US 11,934,783 B2
Systems and methods for enhanced review comprehension using domain-specific knowledgebases
Yoshihiko Suhara, Los Altos, CA (US); Behzad Golshan, Mountain View, CA (US); Yuliang Li, Cupertino, CA (US); Chen Chen, Sunnyvale, CA (US); Xiaolan Wang, Mountain View, CA (US); Jinfeng Li, Mountain View, CA (US); Wang-Chiew Tan, San Jose, CA (US); çagatay Demiralp, Mountain View, CA (US); and Aaron Traylor, Providence, RI (US)
Assigned to RECRUIT CO., LTD., Toyko (JP)
Filed by Recruit Co., Ltd., Tokyo (JP)
Filed on Apr. 4, 2023, as Appl. No. 18/295,735.
Application 18/295,735 is a continuation of application No. 17/008,572, filed on Aug. 31, 2020, granted, now 11,620,448.
Prior Publication US 2023/0281390 A1, Sep. 7, 2023
Int. Cl. G06F 40/284 (2020.01); G06F 16/35 (2019.01); G06F 18/211 (2023.01); G06N 7/01 (2023.01)
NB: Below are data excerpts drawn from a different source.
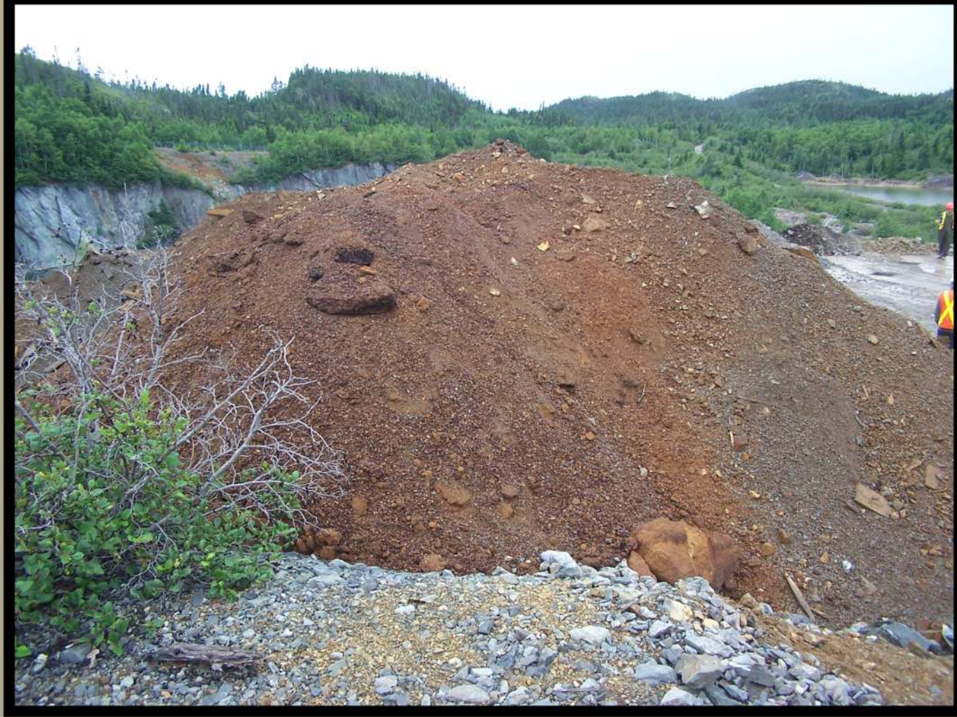
Stockpiled acid generating material.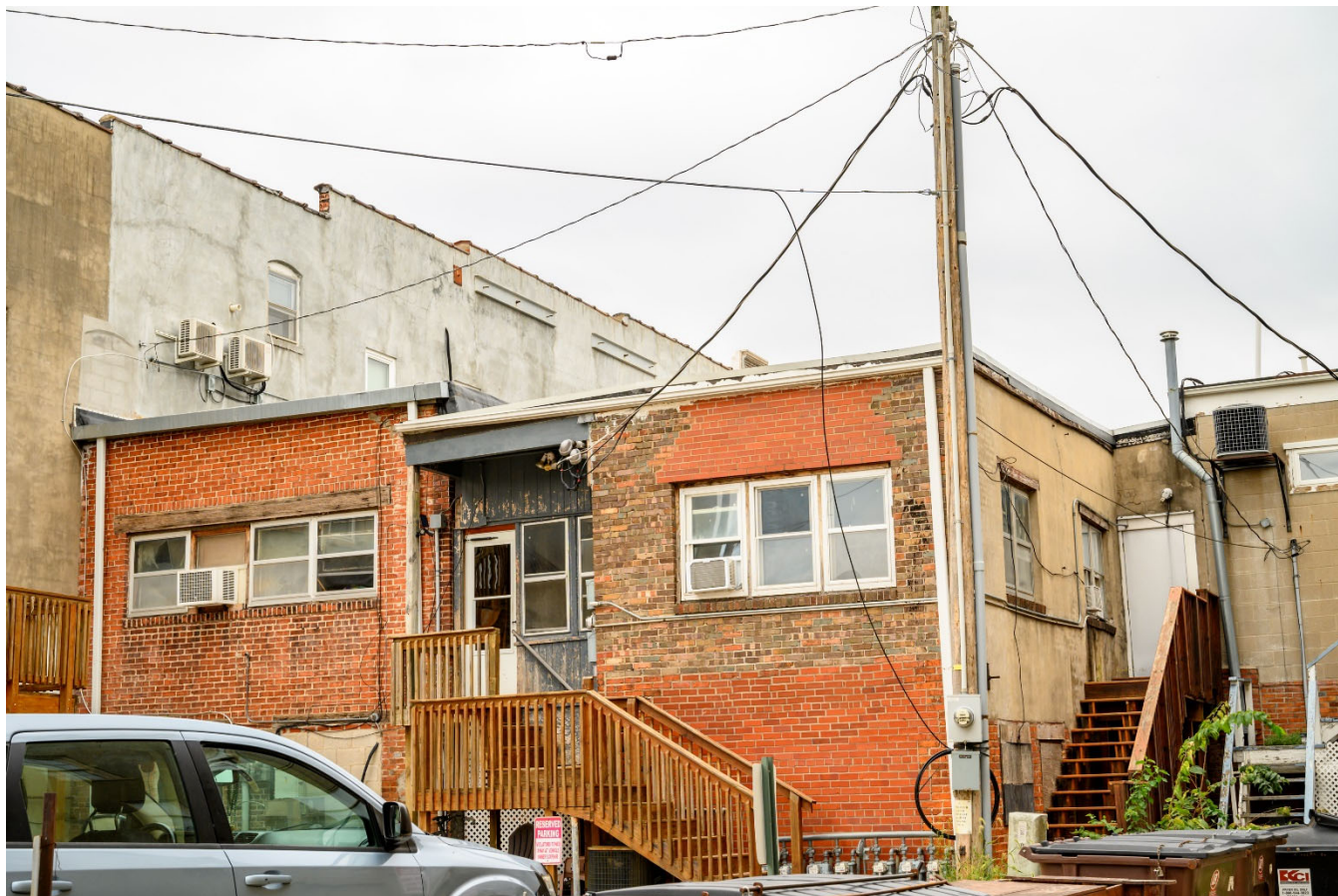
Photograph 44-00242-002. West elevation, looking northeast (October 2023)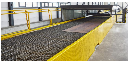
66 Meters – a table this long is perfect for even the largest sheets, and it also creates space for loading and unloading while the machine is cutting (Photos: Norbert Voskens).

You read that right: it takes just one person to operate this gigantic machine. Because the table is at ground level, inserting sheets is easy. "Instead of having to climb onto a table, the operator can simply load and unload the sheets using a ceiling crane," says den Oudsten. Once a sheet is in position, barriers at the sides tip up; then a booth moves over the sheet, covering it completely. Roller gates on both sides of the booth descend and cutting can begin.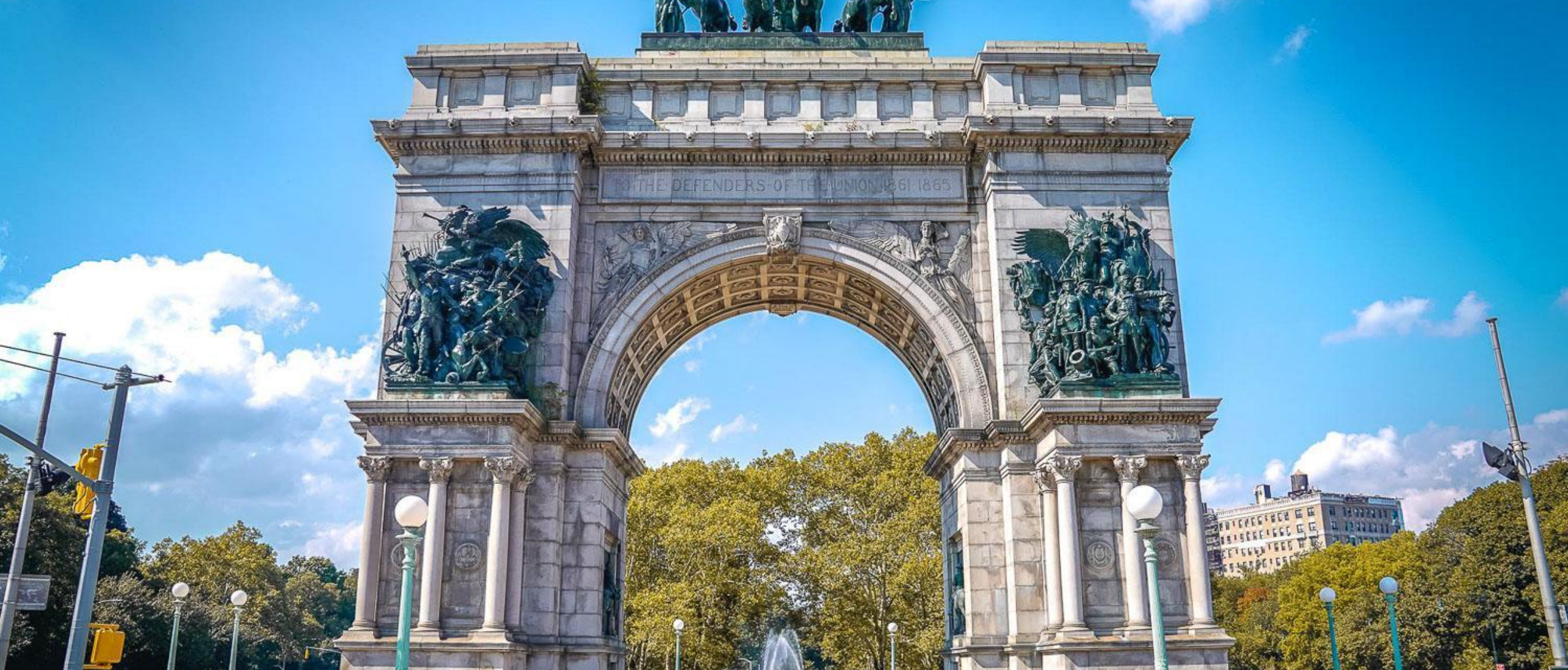
Grand Army Plaza at Prospect Park Brooklyn, NY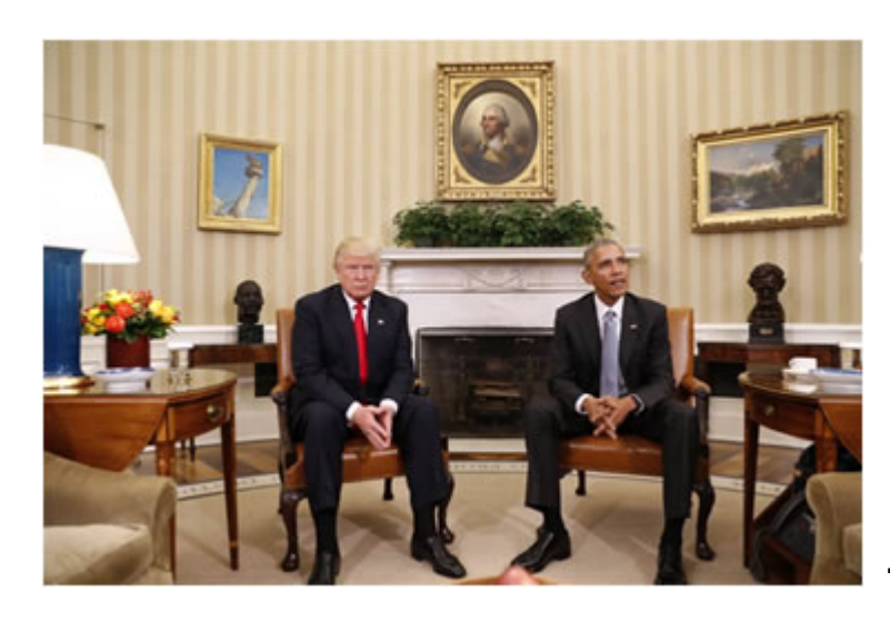
Trump Meets with Obama

infects the body politic so that it can no longer resist. A murderer is less to fear."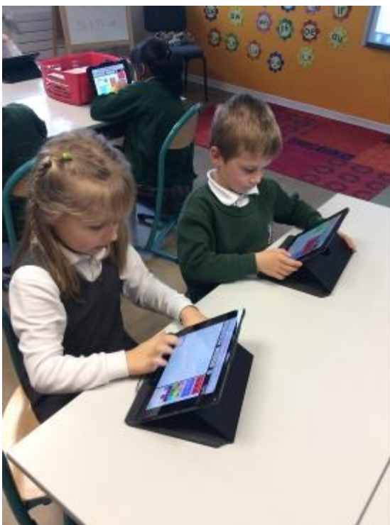
Grade 2 Computing - 'Spreadsheets'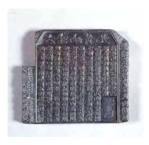
Woodblock for leaflet of Liuwei Dihuang Pills Hong Kong Early 20th Century 17.2 (L) 16.5 (W) 1.3 (H) cm

The product leaflets were commonly printed with woodblocks during the early period of Hong Kong. Here is one of the woodblocks from Cheng Ji Tang , a Chinese Medicine shop in Central.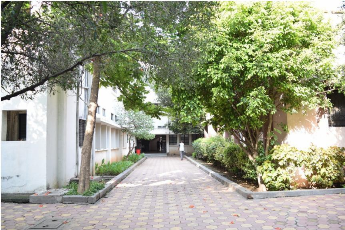
Hostel Wing 5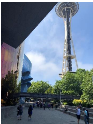
Seattle Space Needle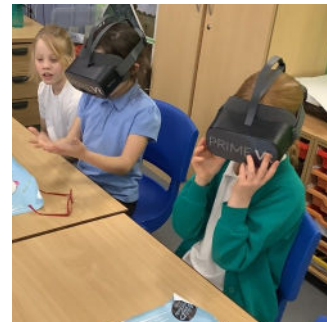
Enhancing our learning about World War 1 & the Romans.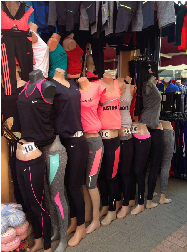
Figure 2. Some of the assortment of “brands” available in the island’s north.

“Yes,” this young woman clarified for me, “they’re made in Turkey, but in different factories.” I nodded, and just to be polite asked if I might try on a pair of “Nikes.” She ushered me into the shop, stacked high with pirated items.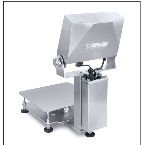
Optional External Power Bank Holder for i-D61XWE Models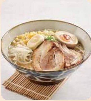
北海道バターコーン チャーシューラーメン (白湯/味噌/スパイシー) Hokkaido Butter Corn Chasyu Ramen (Paitan / Miso / Spicy) hokkaido ramen with sliced roast pork, butter, corn & egg $15.10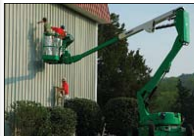
JRR Aud. re-painting in progress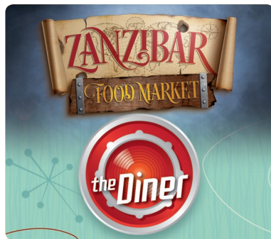
Zanzibar Food Market & The Diner Location: Metropolis & Flamingo 1

Our new Upper Deck champion fish & chip restaurant is located on The Hub's first floor. Serving a selection of truly delicious meals, a children's menu is also available. The restaurant features a giant aquarium and there is an Upper Deck 2 Go takeaway counter on the ground floor too. Vegetarian and gluten free options available.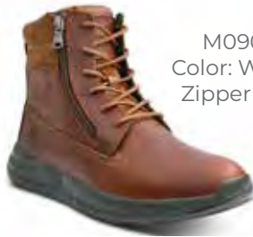
M090-20 Color: Whiskey Zipper / Lace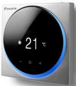
Silver RAL 9006 (metallic) BRC1HHDS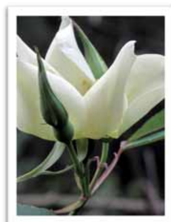
Seedling of gigantea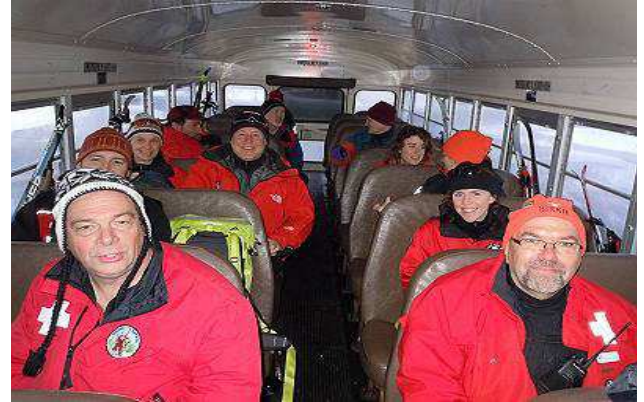
Saturday at 6 AM on way to the race.

The Birkie Patrol is a special-event patrol, so participation is open to all. There's a registration fee, which covers things like rental of the radios. It also covers dinner Friday evening, breakfast Saturday morning, and floor space in the Hayward Middle School Library to sleep on. And showers in the school gym. Of course, some people made motel reservations a year or two ago, or have friends with cabins in the area, but a lot of us stay in the Library. I've noticed, though, that as the years go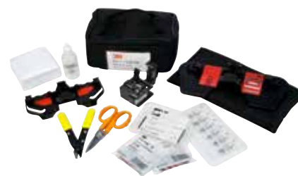
3M™ Fibrlok™ Splice Kit with Cleaver 2559-C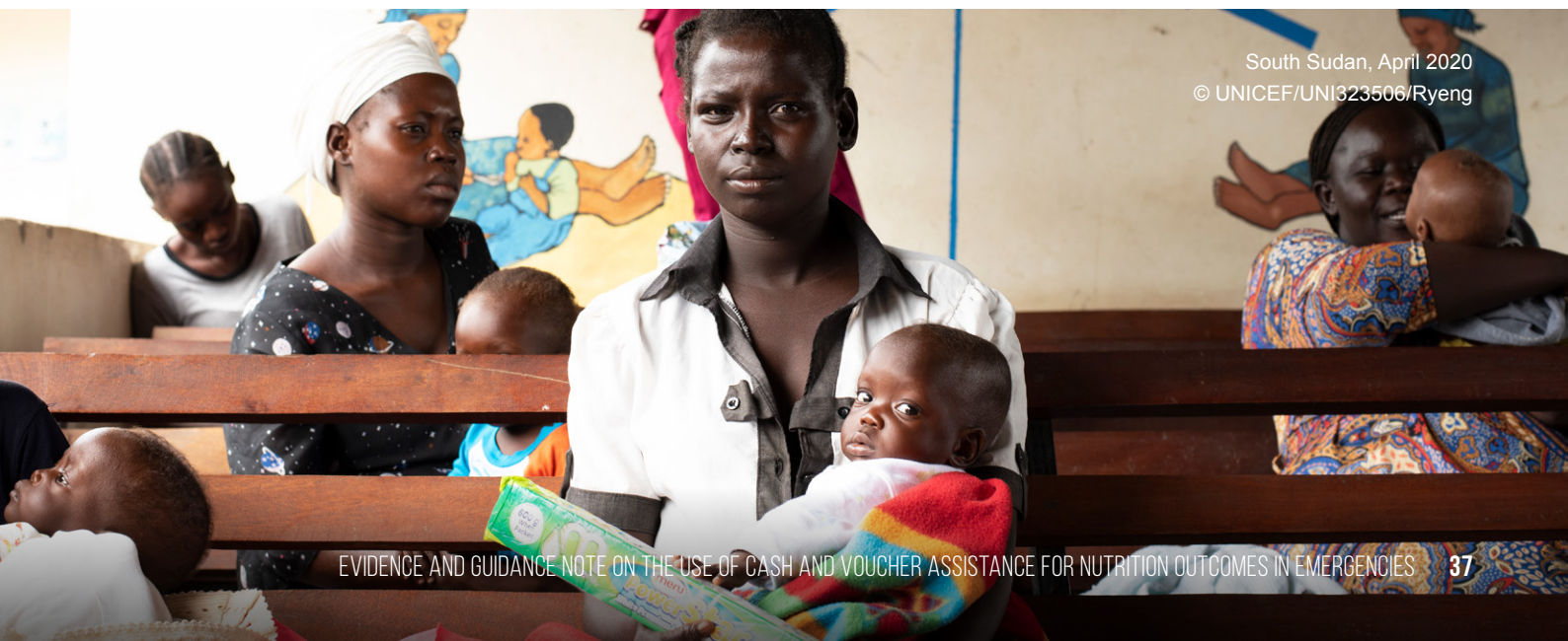
South Sudan, April 2020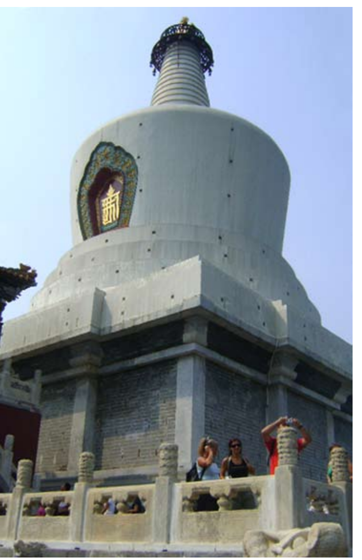
WHITE PAGODA in China stands as a symbol of the friendship between Nepal and China.

Well-planned cities, wide roads, green belts, a well-managed public transportation system, the use of bicycles were significant when we travelled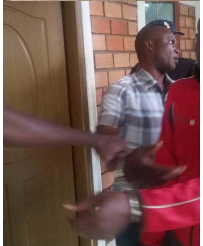
A military man arrested with live mandrill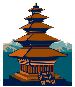
A Hindu temple in Nepal

It is sad that so many people in Nepal think their lives are like a game of snakes and ladders. Play this game with a friend to pray for the people of Nepal! When you land on a prayer item, stop and pray for it. How can you remember to keep praying for Nepal this month?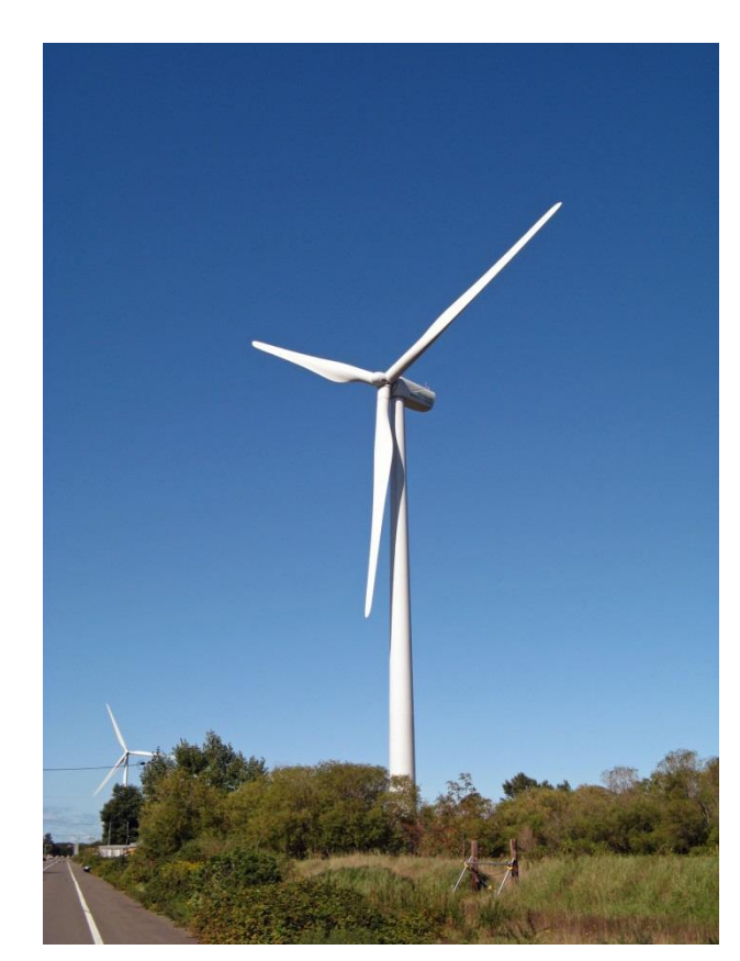
Ishikari Community Wind Power Plant Service commended in January 2008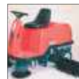
Easy to change the brushes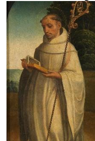
St Bernard 20 August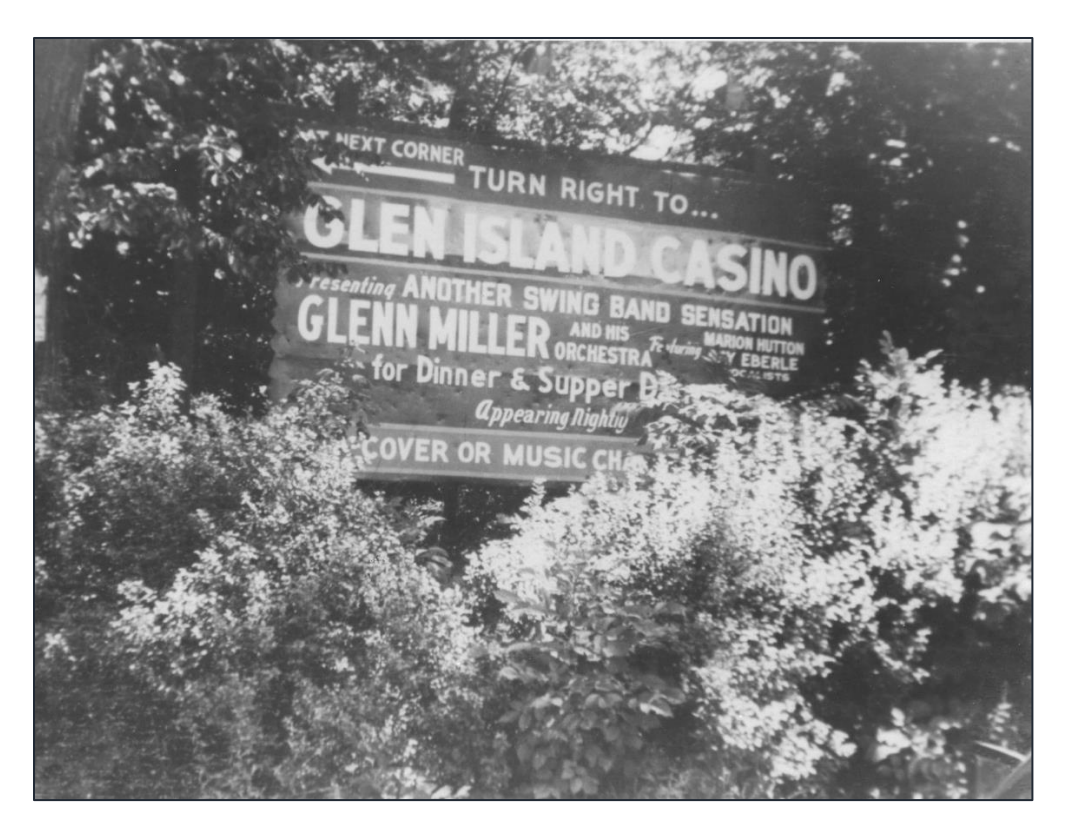
"Along the Waters of Long Island Sound"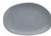
Oval Platter 5900.CMT.3908 8" (20.3cm)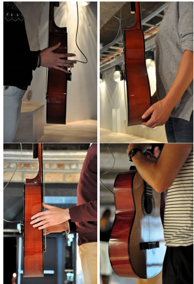
Figure 4: Connecting with the guitars through different holding strategies. By lightly touching the body of the instrument, participants can feel the sound of their guitar and at the same time find a focal point for standing still.

The 'breathing' sound layer was programmed with a noise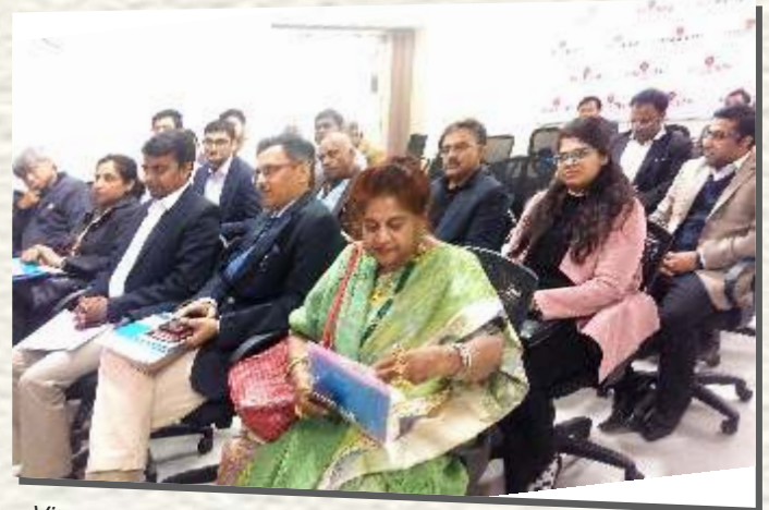
View of the audience during Round Table Discussion Meeting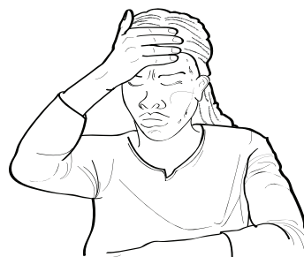
Guhinda umuriro mwinshi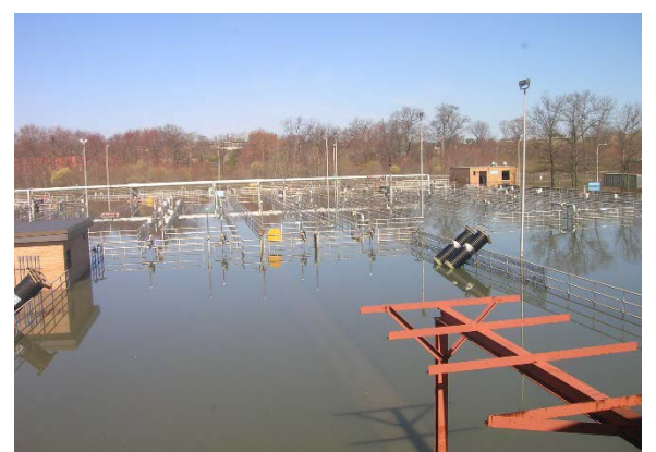
Figure 16: Warwick's wastewater facility on Saturday, April 3rd as flood water continued to be pumped back over the berm.

At the same time, work was underway to restore the buildings and physical facilities at the plant. Water has an astounding capacity for destruction, and the WSA had been sitting in six feet of it. Pat Doyle was on-site throughout the recovery. Like West Warwick, floodwaters had not damaged the structural integrity of Warwick's tanks or buildings, but the buildings had to be gutted; everything was ripped out and rebuilt. "[E]very wire in the place was pulled and replaced," said Doyle.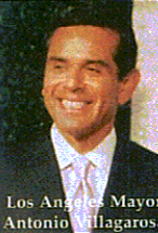
Los Angeles Mayor Antonio Villagarosa

Daytime Emmy Awards Nominee Party. The Mayor was a shoe-in with the 2006 Daytime Emmy Award nominees and was all smiles for his camera-ready arrival on the red carpet... very Hollywood appropriate. After all... Tinseltown is his kind of city!

CPC G06F 40/284 (2020.01) [G06F 16/35 (2019.01); G06F 18/211 (2023.01); G06N 7/01 (2023.01)] 20 Claims
OG exemplary drawing
 
1. A non-transitory computer readable storage medium storing instructions that are executable by a review comprehension system that includes one or more processors to cause the review comprehension system to perform operations for natural language processing, the operations comprising:
receiving input text;
extracting, from the input text, a modifier and aspect pair;
generating a first data structure based on the modifier and aspect pair;
generating a second data structure based on the modifier and aspect pair;
computing a dense representation of the modifier and aspect pair based on the first data structure and the second data structure;
generating candidate premise-conclusion pair based on the cosine similarity of the modifier and aspect pair to other modifier and aspect pairs; and
including premise-conclusion pair in a database, wherein the candidate premise-conclusion pairs relationship is verified using a machine learning model to other candidates for marking for inclusion in the database.